WHAT THE TASK ASKS:
Retyped exactly and without pictures, the lines from the one with "ก.พ. 2569 | 9 |" through the end of the listing must form the entire answer.

INPUT DATA:
"""

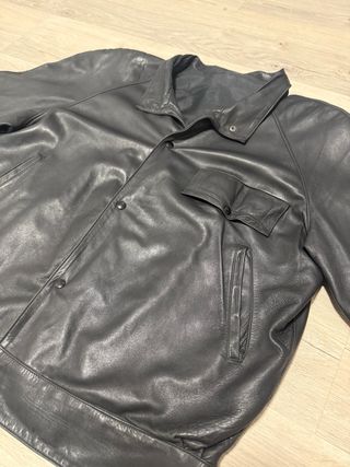 Cazadora de piel auténtica en color negro, original de los años 90. Diseño clásico con estética noventera y corte recto tipo biker, apta para uso unisex. Se encuentra en muy buen estado de conservación. Presenta pequeñas marcas superficiales propias del uso y del paso del tiempo, habituales en prendas de cuero real, sin afectar a su estructura ni funcionalidad. Es una chaqueta de piel verdadera, con buena caída y calidad, no es material sintético. Talla aproximada L, no dispone de etiqueta, verificar con las medidas: • Largo: 63 cm • Ancho de axilas: 65 cm Envío rápido y bien protegido.
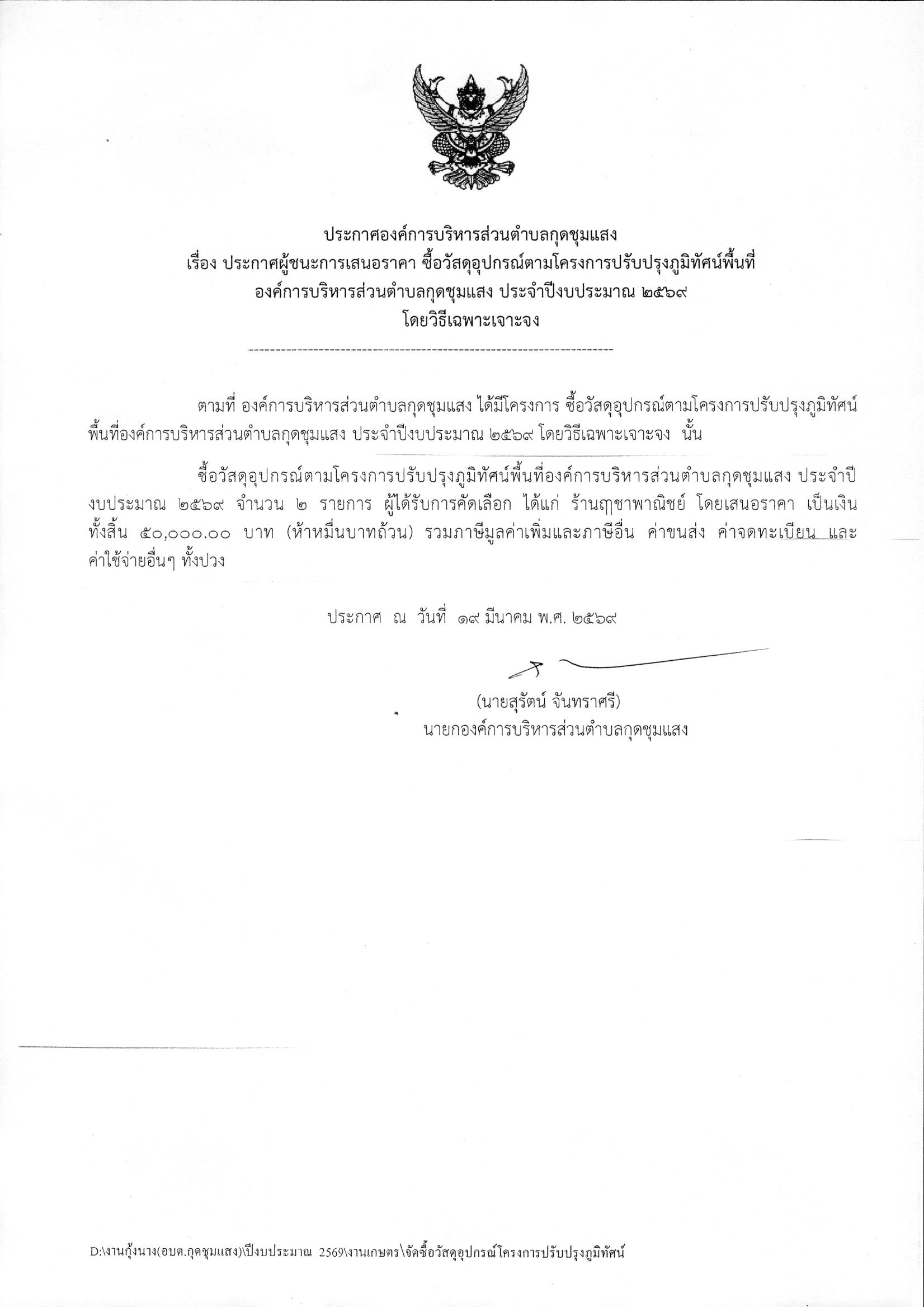 | 48 | ประกาศผู้ชนะเสนอราคา จ้างป้ายไวนิล ภาษีที่ดินและสิ่งปลูกสร้างและภาษีป้าย |  | 10 ก.พ. 2569 | 9 |
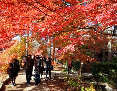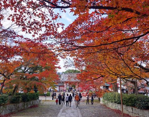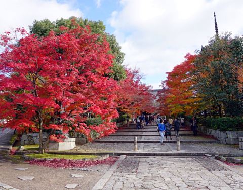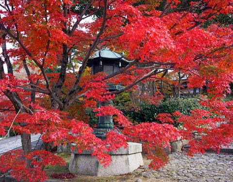 京都赏枫名所之一,距离另外几个名所金戒光明寺、南禅寺、禅林寺都不远。去的时候正值叶子红透的时候,象鲜血一样。这枫树很多,所以也导致红的先后不一。我去的时候外围还红透着,内部塔附近的树叶子倒都掉光了。
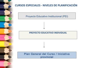 Este documento presenta las orientaciones para el Plan General de Curso Especial. Describe los niveles de planificación educativa, incluyendo el Proyecto Educativo Institucional, el Plan General del Curso y la planificación de la educadora. Además, detalla los contenidos y líneas de acción a seguir durante los períodos de diagnóstico, ejecución y evaluación, con énfasis en los niños y niñas, la familia, la planificación, la evaluación y otros aspectos.

"""

ANSWER FOR THE TASK:
 | 48 | ประกาศผู้ชนะเสนอราคา จ้างป้ายไวนิล ภาษีที่ดินและสิ่งปลูกสร้างและภาษีป้าย |  | 10 ก.พ. 2569 | 9 |
 京都赏枫名所之一,距离另外几个名所金戒光明寺、南禅寺、禅林寺都不远。去的时候正值叶子红透的时候,象鲜血一样。这枫树很多,所以也导致红的先后不一。我去的时候外围还红透着,内部塔附近的树叶子倒都掉光了。
 Este documento presenta las orientaciones para el Plan General de Curso Especial. Describe los niveles de planificación educativa, incluyendo el Proyecto Educativo Institucional, el Plan General del Curso y la planificación de la educadora. Además, detalla los contenidos y líneas de acción a seguir durante los períodos de diagnóstico, ejecución y evaluación, con énfasis en los niños y niñas, la familia, la planificación, la evaluación y otros aspectos.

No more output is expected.